In 2001, in revelations more boastful than contrite, Greenglass was quoted in the book "The Brother" by New York Times reporter Sam Roberts as saying he had not actually seen Ethel typing and knew of it only from his wife, Ruth. For the prosecution, however, the typewriter "was as good as a smoking gun in Ethel Rosenberg's hands," Roberts wrote.

"Without that testimony, I believe she would not have been convicted, let alone executed," Roberts said in an interview Tuesday.

In the book and a CBS interview, Greenglass shrugged off any notion of a betrayal. He said he lied to assure leniency for himself and keep his wife out of prison so she could care for their two children.

"As a spy who turned his family in ... I don't care. I sleep well," Greenglass said in the interview, adding that "stupidity" had kept the Rosenbergs from possibly saving themselves by admitting guilt.

Greenglass said that while history might blame him for the Rosenbergs' deaths, he hadn't known that would be their fate — and that in any case, his own family came first. He also said he had been urged to lie by prosecutors, among them Roy Cohn, later a key aide to anti-communism crusader Sen. Joseph McCarthy.

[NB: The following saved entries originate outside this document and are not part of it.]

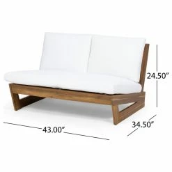 Our loveseat will be the pinnacle of your backyard or patio decor with its stunning design and outstanding comfort. This piece uses both dazzling modern design and incredibly solid structures to create the perfect addition to any outdoor space. Featuring cozy water-resistant cushions and durable acacia wood frames, our loveseat is made to give your home an eye-catching upgrade in decor. Whether you need a space to entertain your guests or a sleek masterpiece for your patio, our loveseat does it all.
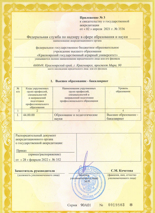 Приложение № 3 к СВИДЕТЕЛЬСТВУ о государственной аккредитации от "02" апреля 2021 г. Регистрационный № 3536 Серия 90А01 № 0019803
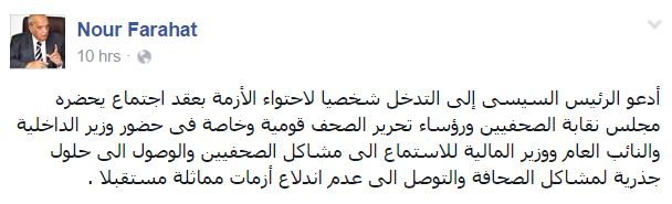 وقال -عبر منشور له على “فيس بوك”-: “أدعو الرئيس السيسي إلى التدخل شخصيًا لاحتواء الأزمة بعقد اجتماع يحضره مجلس نقابة الصحفيين ورؤساء تحرير الصحف -قومية وخاصة- في حضور وزير الداخلية والنائب العام ووزير المالية، للاستماع إلى مشاكل الصحفيين والوصول إلى حلول جذرية لمشاكل الصحافة والتوصل إلى عدم اندلاع أزمات مماثلة مستقبلًا”.
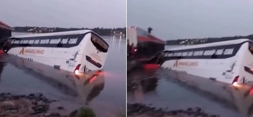 Um ônibus de turismo caiu dentro do Rio Tocantins no início da noite dessa segunda-feira (15), ao tentar acessar a balsa que faz a travessia entre Aguiarnópolis, no Tocantins, e Estreito, no Maranhão.
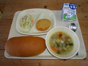 今日はワールドランチで、南アメリカの”ブラジル”にちなんだ献立にしました。コシーニャは、ブラジルの家庭料理の一つで、ほぐした鶏肉を衣で包み、油で揚げたブラジル風のコロッケです。「コシーニャ」とはポルトガル語で「小さいもも」といい、先がとがったかわいい形が「鶏のもも」に似ていることから名づけられました。また、ブラジルでは豆を料理に使うことが多く、地方によって黒や赤のいんげん豆、白のそら豆など、たくさんの種類の豆が使われます。今日は、白いんげん豆を使ったスープにしました。
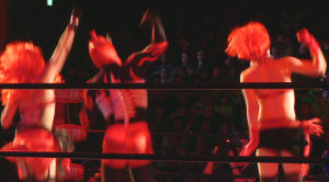 AHIIとオネーチャン達による勝利のダンス。はい、ご苦労さん。最後の体をクルリと変えての頭から落とすウラカンラナは凄かったけど、試合時間1分42秒は短すぎてペケ。
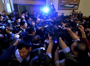 據(jù)媒體報(bào)道,新疆代表團(tuán)開放日提問環(huán)節(jié)結(jié)束后,中外記者就昆明暴恐事件和新疆反恐現(xiàn)狀等問題,繼續(xù)向張春賢追問,在場的近300媒體記者一路圍堵,據(jù)媒體現(xiàn)場描述,有女記者褲子差點(diǎn)被擠掉。又根據(jù)微博內(nèi)容,可知褲子被擠掉女記者為香港衛(wèi)視記者秦楓。
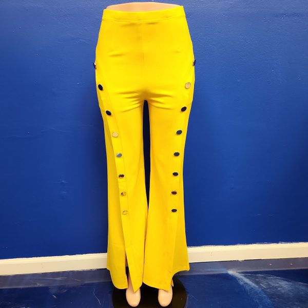 lntroducing our vibrant and stylish yellow pants with buttons going down the front of both legs. These pants are designed to make a bold fashion statement while providing comfort and versatility. Crafted from high-quality materials, these pants are not only visually appealing but also durable and long-lasting.
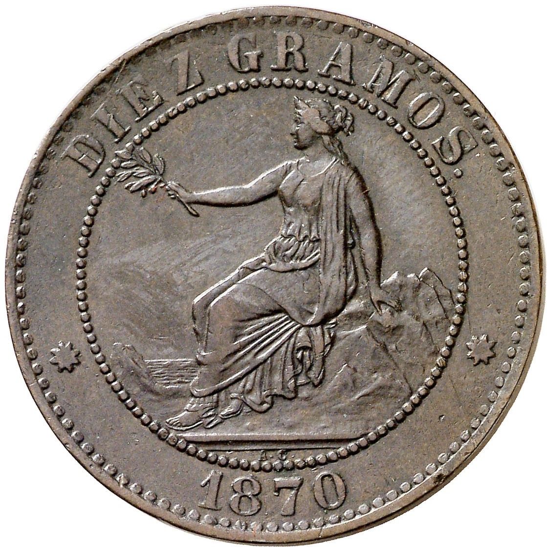 10 сентімос — Тимчасовий уряд (зразок) 1870 – 1870 Іспанія
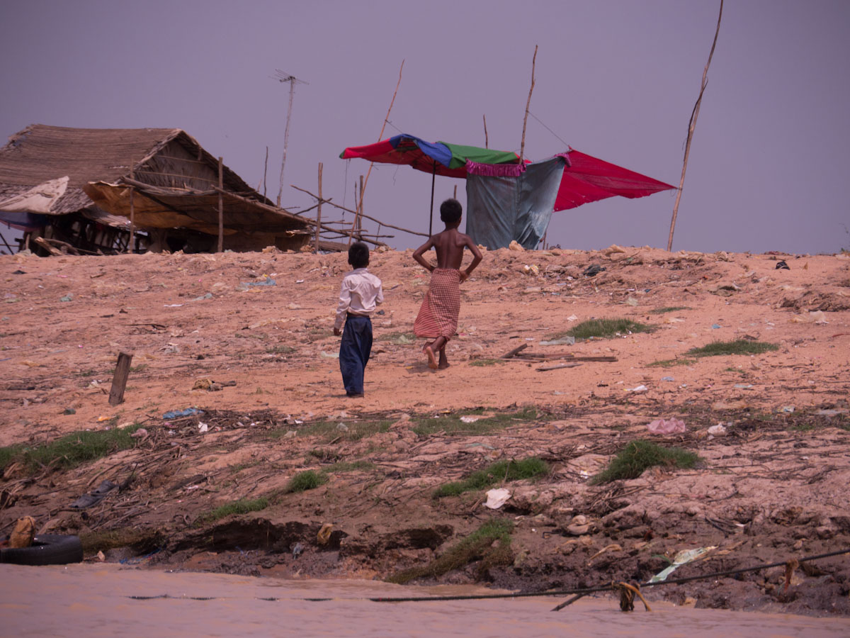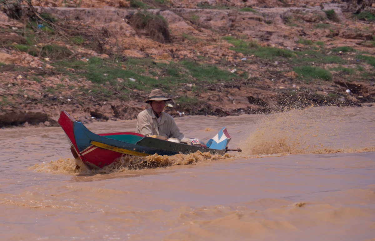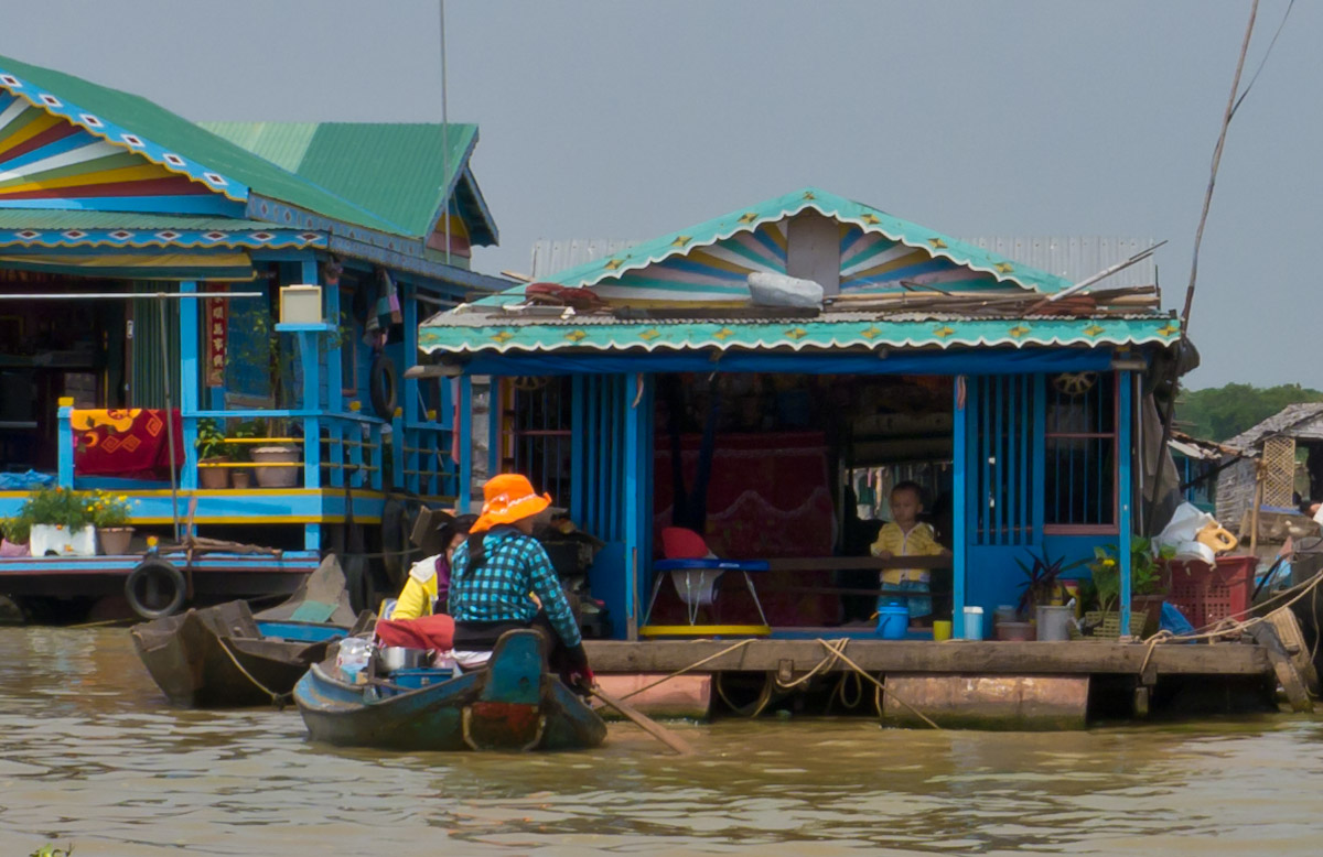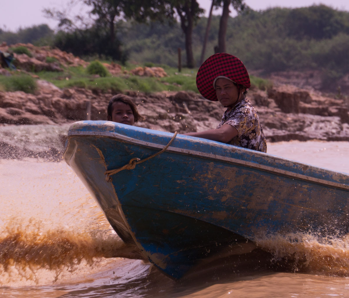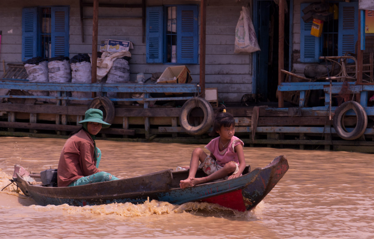 We were speeding down the river towards the floating village. The wind felt cool on my face but it didn’t smell very good. The water looked like my mom’s coffee drink she used to get from Starbucks. I saw lots of people in the river bathing and washing their laundry but I didn’t really think the water could clean much of anything.
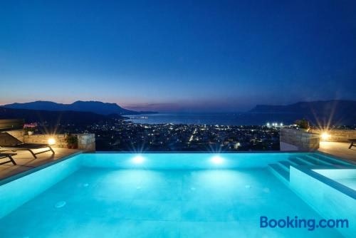 Die Unterkunft Luxury Villa Argi infinity private pool, die über einen Außenpool, einen Garten und eine Terrasse verfügt, bietet Übernachtungsmöglichkeiten in Kissamos mit kostenlosem WLAN und Stadtblick.
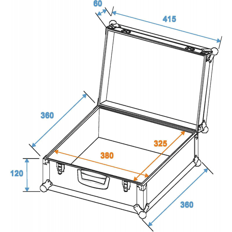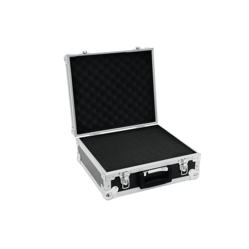 Flightcase com interior acolchoado flexível e 380 x 325 x 110 mm (dimensões internas)
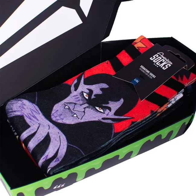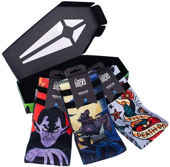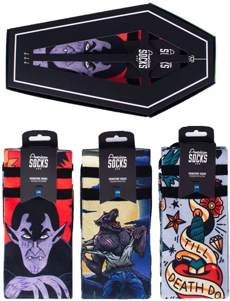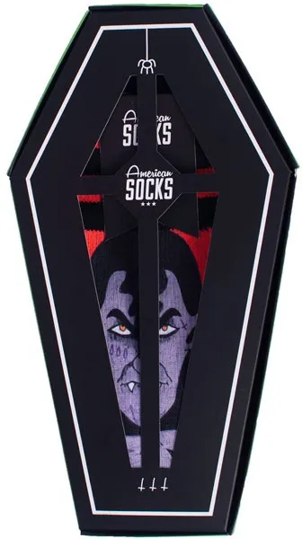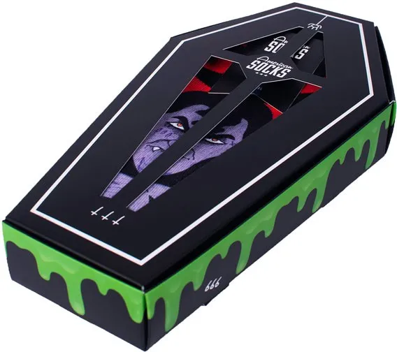The Sock Gift Boxes from American Socks are more than just socks in a box. Each set comes with 3 pairs of our best crew socks designs, created in collaboration with artists. From a skateboard-shaped box to a coffin with Dracula or a guitar amp, every gift set is as unique as what's inside. Perfect as a birthday present or just because you can, the sock gift boxes are unisex and made to thrill skaters, surfers, gamers, music fans and anyone into tattoo designs. Find your perfect gift box and surprise someone you care about with socks that truly speak their language. Mid High Length - Half-way of your lower leg Two Sizes for a Perfect Fit or one size fits most Designed for Action and Comfort Moisture-Wicking Technology to keep your feet cool and dry 67% Coolmaxr, 17% Polyamide, 10% Cotton, 5% Elastane Machine Wash at 30C/86F. Do not Tumble Dry, Bleach or Iron
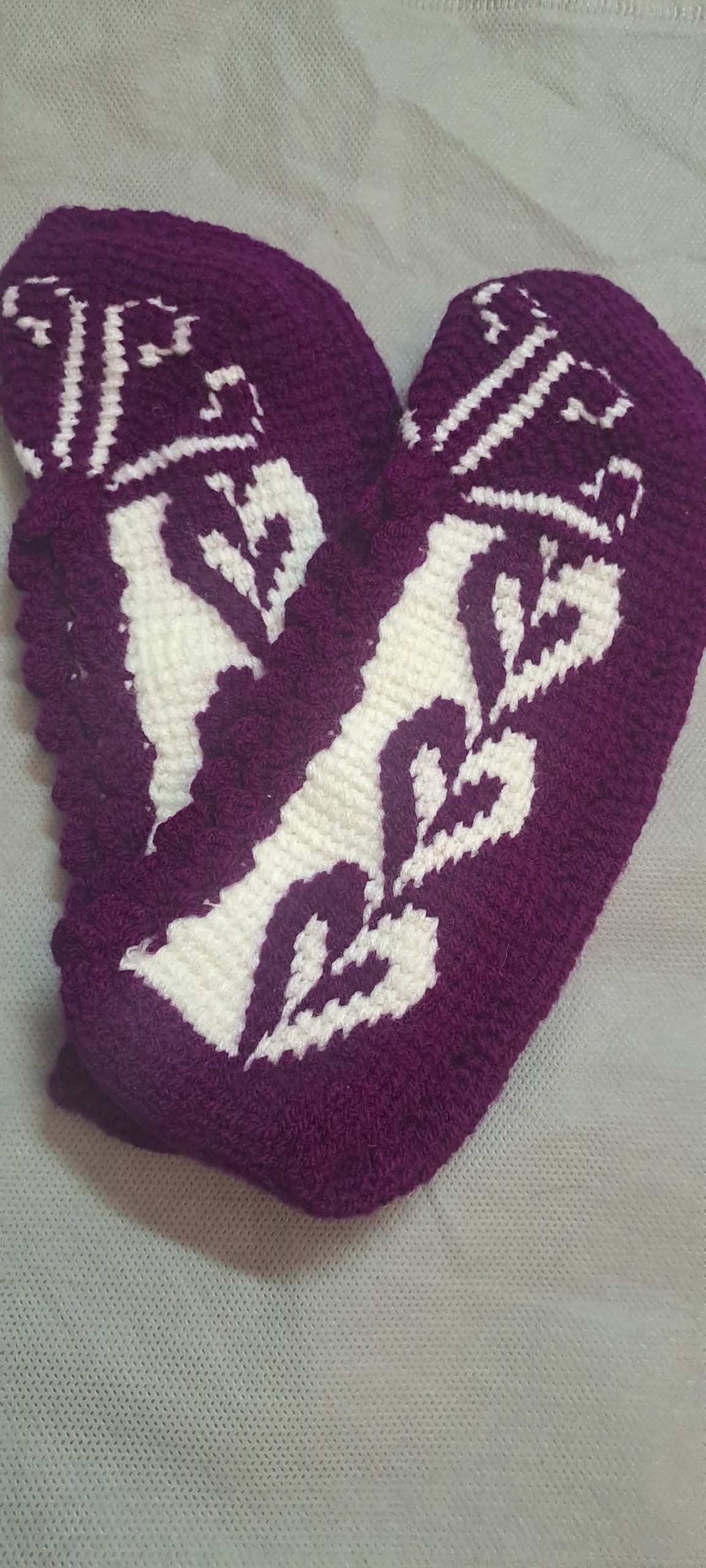 پاپوش کاموایی زنانه فری سایز بنفش بادمجانی سفید
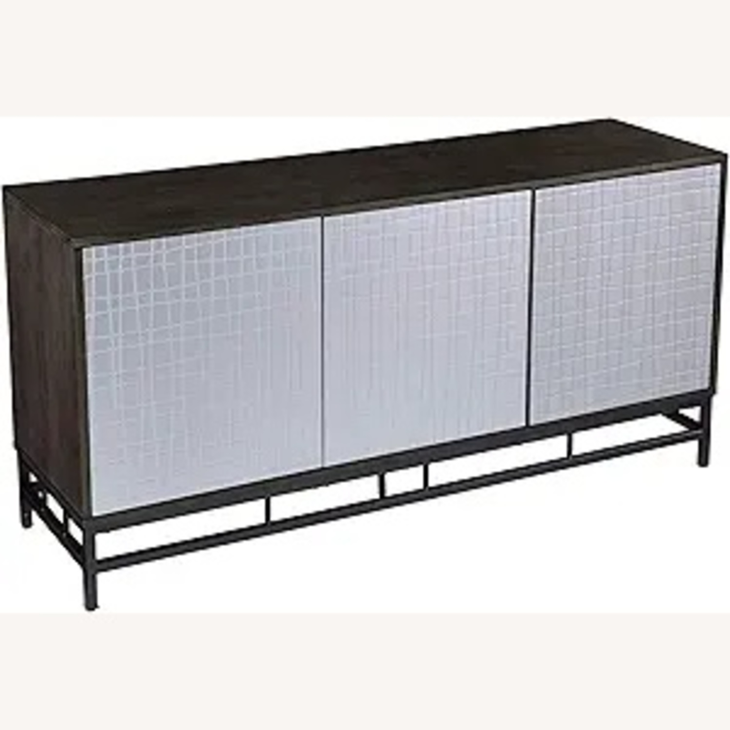 Modern credenza or storage sideboard Features 3 cabinets with 1 adjustable and 1 fixed shelf each Basketweave pattern on doors creates unique texture
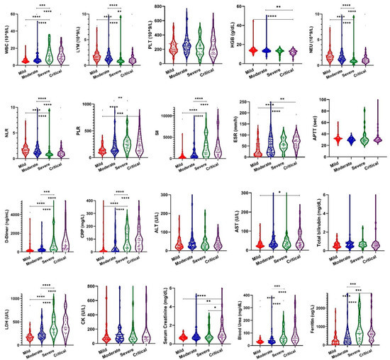 Violin plots showing distribution of laboratory parameter levels on admission. Boxplots indicate median and interquartile range. WHO severity indicates the highest disease severity of the patients during hospitalization. Mild n = 85 samples; moderate n = 98 samples; severe n = 34 samples; critical n = 37 samples. The asterisks indicate that the difference between two groups is significant (* p < 0.05; ** p < 0.01; *** p < 0.001; **** p < 0.0001).
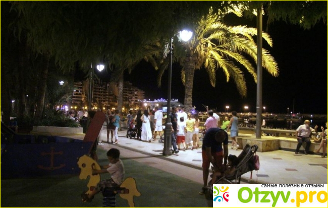 В ночное время весь народ перемещается с пляжей в кафе и на променады, часто можно услышать живую музыку. При отеле были и аниматоры, говорили на испанском или английском. Интернетом здесь не пользовались, так как он платный, 2 евро в час и только в номере. С едой полный порядок, большое обилие фруктов, очень свежих и вкусных, шикарная гаспачо, часто подают мясо, а вот почему-то с рыбными блюдами здесь было не богато, но нас это не расстроило больше налегали на мясо и фрукты).

To some, he came to be seen as a symbol of betrayal. In the 1989 Woody Allen movie "Crimes and Misdemeanors," Allen's character says of his smug and annoying brother-in-law: "I love him like a brother — David Greenglass."

In a statement Tuesday, the Rosenbergs' sons said that David and Ruth Greenglass were the ones who passed atomic secrets on to the Soviets, then "pinned what they did on our parents — a calculated ploy to save themselves by fingering our parents as the scapegoats the government demanded."

The Rosenberg sons cited a 2001 interview in which Greenglass said he expected to be remembered "as a spy who turned his family in."

"He was right," the sons said.

Greenglass was born in New York in 1922. After Army service in World War II, including the Los Alamos assignment, he and Julius Rosenberg became partners in a machine shop. The business failed; a Rosenberg attorney later claimed that led Greenglass to seek revenge on his brother-in-law.

In fact, David and Ruth Greenglass, like the Rosenbergs, were active communist sympathizers, having joined the Young Communist League in 1943. Both couples believed that the Soviet Union should have the bomb if the United States did.

At trial, the Greenglasses said Julius Rosenberg had recruited David Greenglass as a spy and arranged for him to feed stolen atomic research and a detonator to a go-between, Harry Gold. Gold also was later convicted.

Greenglass served 10 years of a 15-year sentence for espionage. After his release, he lived with his family in anonymity as controversy over the Rosenberg case rose and ebbed over the decades.

Greenglass remained estranged for the rest of his life from the Rosenbergs' sons, who were 6 and 10 when their parents were executed. The brother later took their adoptive parents' surname, Meeropol.

According to Roberts, Greenglass said of his nephews: "Their whole life has been involved with this kind of stupidity, to actually think they (the Rosenbergs) were innocent."